After the usual chitchat Garry told me - and his listeners - that the previous week he had occasion to phone his telecommunications company and was kept waiting for the call centre to answer for 67 minutes. You got it - more than an hour!
Garry named the company on air. I'm not about to here because I honestly believe it could have been any of them, so bad has the telecommunications industry's customer service become.
Back in 2004 Minister Swain took the industry to task about its sluggishness in dealing with customer complaints. He threatened to regulate, enforcing an industry specific complaints authority like those operating in banking and electricity. TUANZ at the time sided with the industry and asked for an industry-driven scheme in preference to a regulated one.

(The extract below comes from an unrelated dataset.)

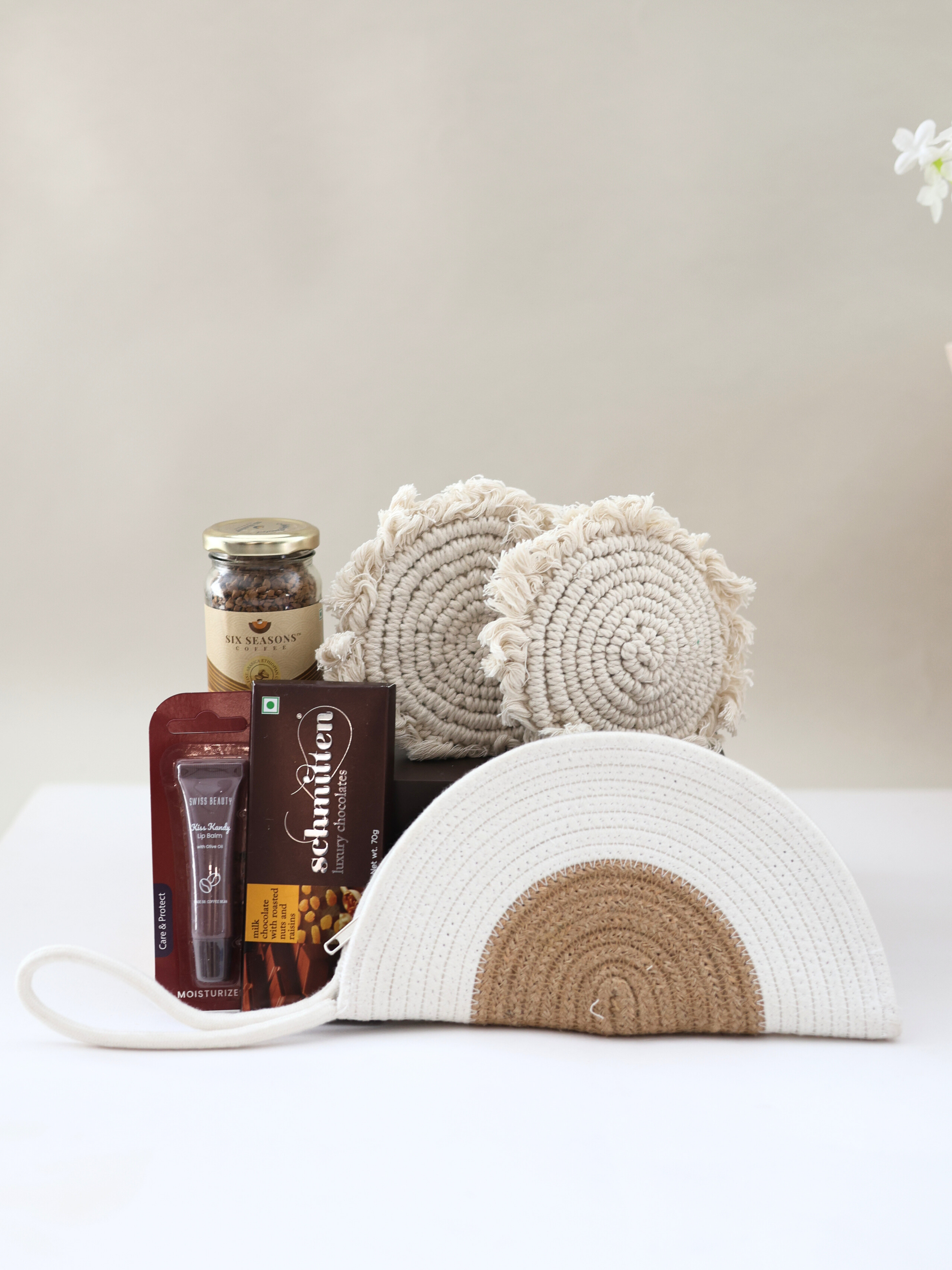 Embrace boho vibes with the curated collection of macramé coasters, a chic braided purse, pastel earrings, schmitten luxury chocolates, and many more enchanting delights - a perfect gift for the free-spirited soul.

Its been on its way via the Telecommunications Carriers Forum ever since and it will be a good scheme, but its taking far, far, far too long.
Even longer, you might say, than you wait "on hold" for a typical carrier's contact centre to answer!
Delays like this are unacceptable in any sector - they show contempt for the caller and wreck the nice warm fuzzy feeling the marketing departments try so hard to engender. In utility industries - where people's lives and businesses are often "on hold" with them and where there is a great imbalance of power between buyer and seller - companies have a special responsibility to be easily contactable.
The TCF needs to accelerate its work, and the phone companies MUST pay attention to waiting times for contact centres. This kind of experience shows the industry in a very bad light indeed.